Newberg Lee A, Thompson William A, Conlan Sean, Smith Thomas M, McCue Lee Ann, Lawrence Charles E
The Wadsworth Center, New York State Department of Health, Albany, NY 12201, USA.
Bioinformatics. 2007 Jul 15;23(14):1718-27. doi: 10.1093/bioinformatics/btm241. Epub 2007 May 8.
Identification of functionally conserved regulatory elements in sequence data from closely related organisms is becoming feasible, due to the rapid growth of public sequence databases. Closely related organisms are most likely to have common regulatory motifs; however, the recent speciation of such organisms results in the high degree of correlation in their genome sequences, confounding the detection of functional elements. Additionally, alignment algorithms that use optimization techniques are limited to the detection of a single alignment that may not be representative. Comparative-genomics studies must be able to address the phylogenetic correlation in the data and efficiently explore the alignment space, in order to make specific and biologically relevant predictions.

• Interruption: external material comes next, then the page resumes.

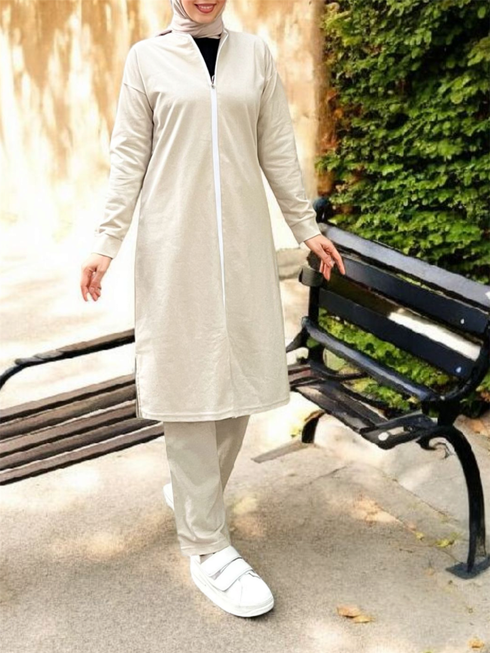 Yakası Biyeli Boydan Fermuarlı İki İp Penye Takım -Bej (332-3044-R56)

We describe here a Gibbs sampler that employs a full phylogenetic model and reports an ensemble centroid solution. We describe regulatory motif detection using both simulated and real data, and demonstrate that this approach achieves improved specificity, sensitivity, and positive predictive value over non-phylogenetic algorithms, and over phylogenetic algorithms that report a maximum likelihood solution.
The software is freely available at http://bayesweb.wadsworth.org/gibbs/gibbs.html.
Supplementary data are available at Bioinformatics online.
由于公共序列数据库的快速增长,在亲缘关系密切的生物体的序列数据中识别功能保守的调控元件变得可行。亲缘关系密切的生物体很可能具有共同的调控基序;然而,这些生物体最近的物种形成导致它们的基因组序列具有高度相关性,这使得功能元件的检测变得复杂。此外,使用优化技术的比对算法仅限于检测可能不具代表性的单一比对。比较基因组学研究必须能够解决数据中的系统发育相关性,并有效地探索比对空间,以便做出具体且与生物学相关的预测。
我们在此描述一种采用完整系统发育模型并报告总体质心解的吉布斯采样器。我们使用模拟数据和真实数据描述调控基序检测,并证明该方法相对于非系统发育算法以及报告最大似然解的系统发育算法,在特异性、敏感性和阳性预测值方面都有所提高。
该软件可从http://bayesweb.wadsworth.org/gibbs/gibbs.html免费获取。
补充数据可在《生物信息学》在线获取。